Buenos Aires, 18 de Agosto – Mensaje enviado por el Ingeniero Alejandro Peña Esclusa desde su prisión en Caracas (Venezuela) y leído en la conferencia desarrollada por los delegados de la Argentina y del Uruguay, de la Unión de Organizaciones Democráticas de América – UnoAmérica -, en el Centro de Oficiales de las Fuerzas Armadas.

Carta a los argentinos

Queridos argentinos:

Con motivo de realizarse una conferencia de UnoAmérica en Buenos Aires, he querido enviar unas palabras referidas a tres temas: El XVI Encuentro del Foro de Sao Paulo, la liberación de los prisioneros políticos argentinos, y el papel de la Argentina en la integración iberoamericana.

1. Al cumplirse 20 años de fundado, el Foro de Sao Paulo (FSP) decidió sostener su tradicional Encuentro en la Argentina, justo en estos mismos días.

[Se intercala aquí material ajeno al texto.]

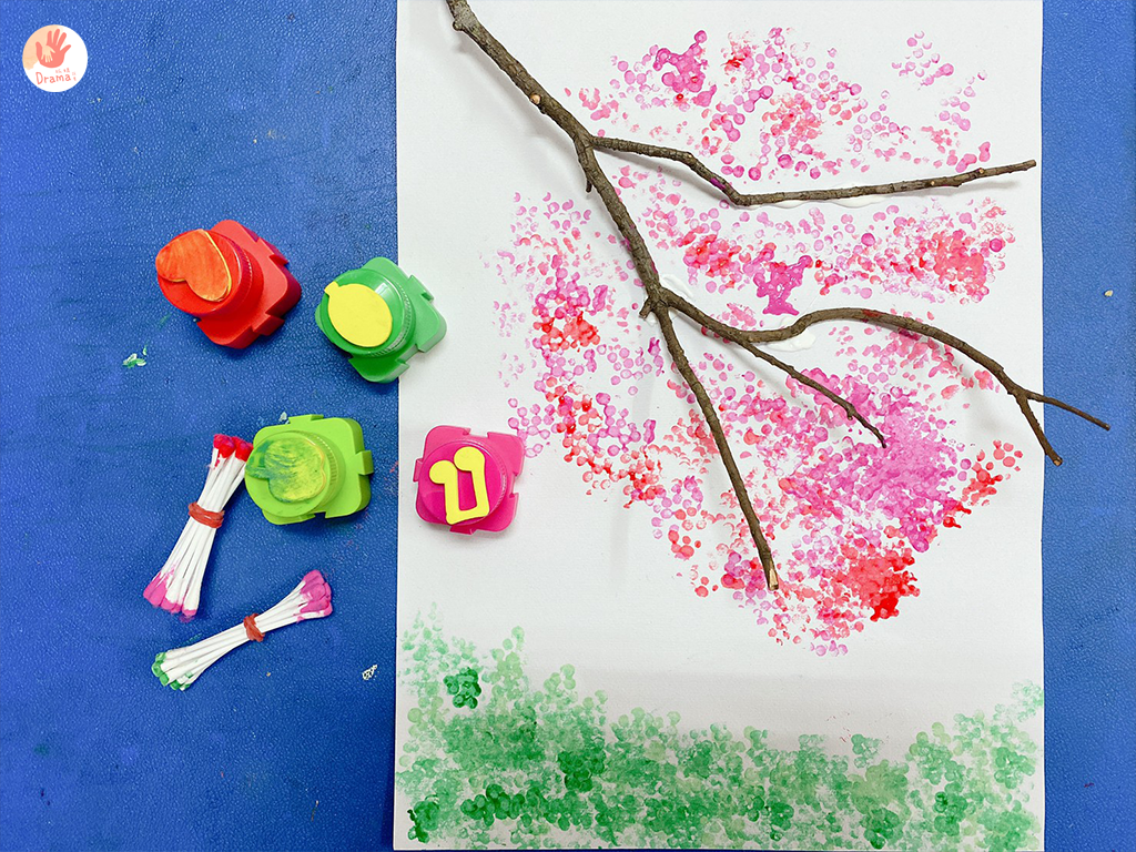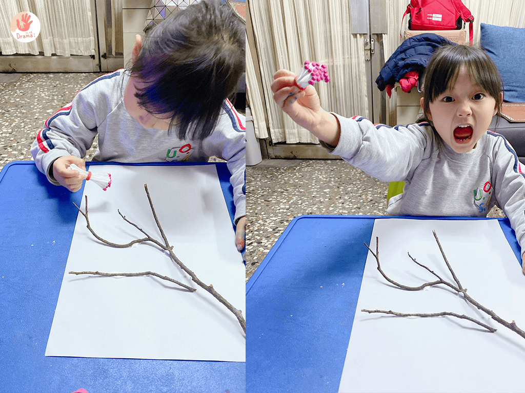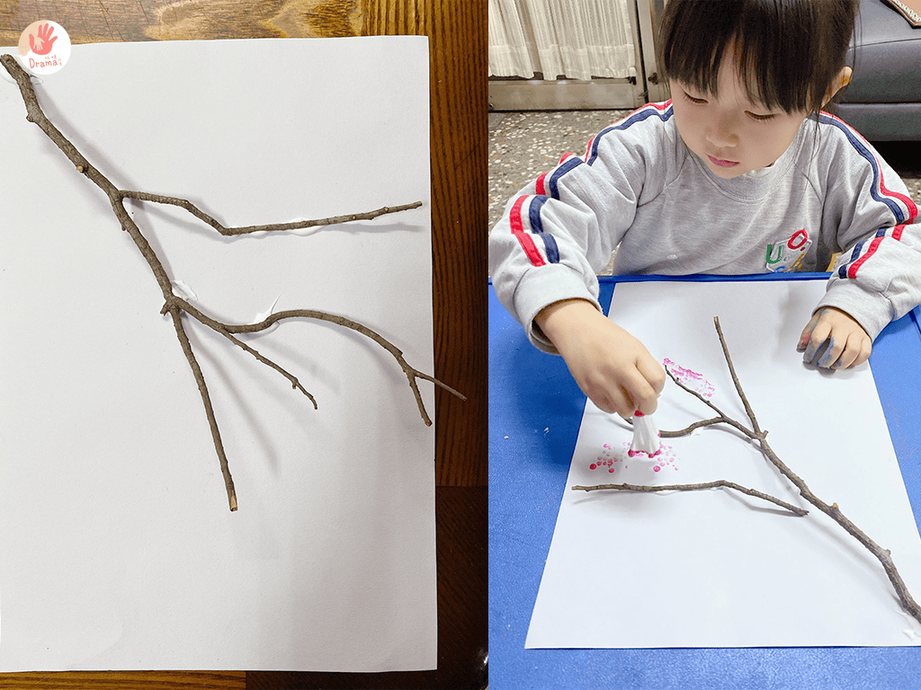 棉花棒大約二十支用橡皮筋綁起來,先沾上粉色顏料,開始在樹枝周圍綻放櫻花

Llama la atención que el documento que sirve de base para el Encuentro, incluye una propuesta para combatir “la contraofensiva de la derecha latinoamericana”.

Los integrantes del FSP son incapaces de reconocer que lo que ellos denominan “la contraofensiva de la derecha” es más bien la respuesta natural de los pueblos al estruendoso fracaso de su proyecto político.  Ciertamente, UnoAmérica fue creada, entre otros motivos, para combatir el avance del Socialismo de Siglo XXI; pero lo que el FSP realmente enfrenta no es a UnoAmérica, como ellos alegan, sino el rechazo generalizado de la población, desilusionada por la mala gestión de sus gobernantes. Porque una cosa es criticar cómodamente desde los predios de la izquierda, y otra -muy distinta- es proporcionar bienestar, generando empleo y desarrollo.

Interpreto mi encarcelamiento -así como los ataques diarios a nuestra organización- como una muestra de debilidad por parte del Foro de Sao Paulo. Sus integrantes creen que culpándonos de sus fracasos y encerrándome en un calabozo, podrán detener los vientos de democracia y de libertad que soplan por todo el continente americano.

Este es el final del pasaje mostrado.